Raku Grammar::TokenProcessing
In brief
Raku package for processing grammar files in order to:
Remark: This package is made mostly to automate tasks for the DSL system of packages, see:
Raku-DSL-*.
Hence, the package is tested "just" over files written with a particular style and goal.
Installation
Installation from Zef ecosystem:
zef install Grammar::TokenProcessing
Installation from GitHub:
zef install https://github.com/antononcube/Raku-Grammar-TokenProcessing.git
Examples
Below are shown usages via the Command Line Interface (CLI) of UNIX-like operating systems.
Add fuzzy matching to token specs
add-token-fuzzy-matching --help
# Usage:
# add-token-fuzzy-matching <inputFileName> [-o|--output[=Any]] [--add-protos] [--sym-name=<Str>] [--add-exclusions] [--method=<Str>] [--func-name=<Str>] -- Transform a token lines in a grammar role into token lines with fuzzy matching.
#
# <inputFileName> Input file name.
# -o|--output[=Any] Output file; if not given the output is STDOUT.

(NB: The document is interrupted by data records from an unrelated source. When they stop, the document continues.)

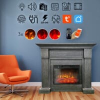 Semineu electric 3D ElectricSun MONTENEGRO gri, cu sunet, 3 culori, Wi-Fi cu APP internet, L127xH107cm
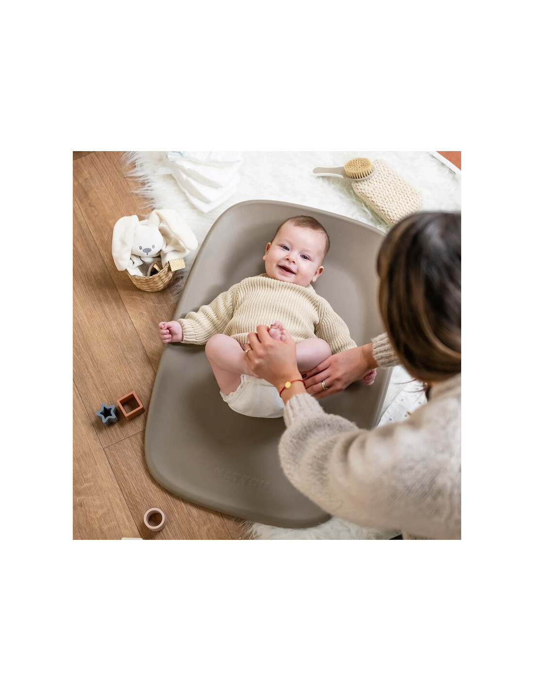 Partea inferioara este texturata tip „fagure de miere”, oferind un efect de vid. Greutatea copilului creeaza o prindere naturala pe masa de infasat, prevenind alunecarea si permitand mutarea usoara dupa utilizare.
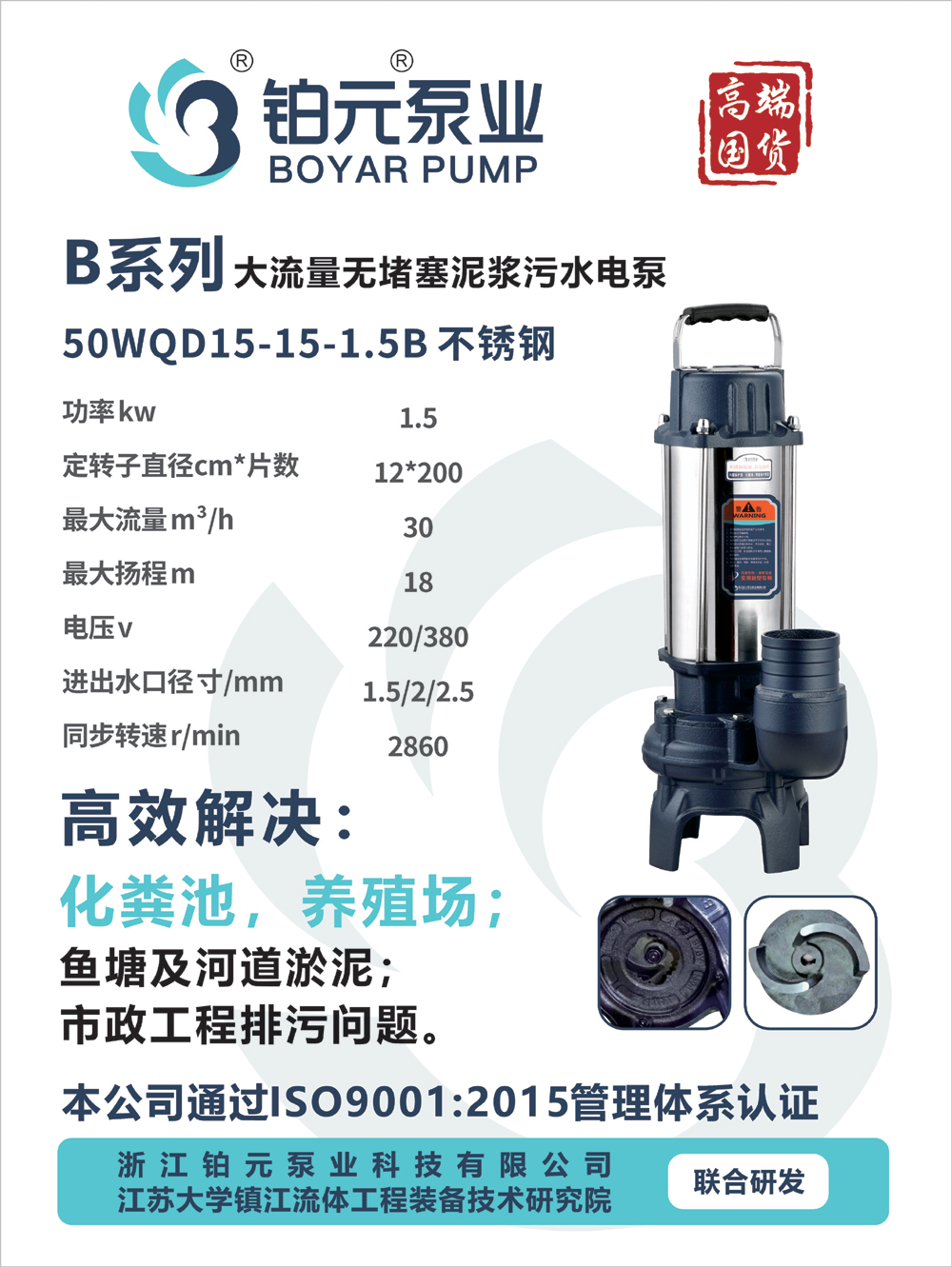 产品名称:B系列(50WQD15-15-1.5B不锈钢)

# --add-protos Should proto tokens/rules/regexes be added or not. [default: False]
# --sym-name=<Str> Sym name. I and empty string ('') then no sym is put in. [default: '']
# --add-exclusions Should exclusions be added to token extensions or not? [default: True]
# --method=<Str> Method to find the word exclusions; one of 'nearest-neighbors' and 'stem-rules'. [default: 'nearest-neighbors']
# --func-name=<Str> Function name to do fuzzy matching with. [default: 'is-fuzzy-match']
Gather tokens
get-tokens --help
# Usage:
# get-tokens <inputFileName> [--token-names] -- Get tokens from token lines in grammar roles.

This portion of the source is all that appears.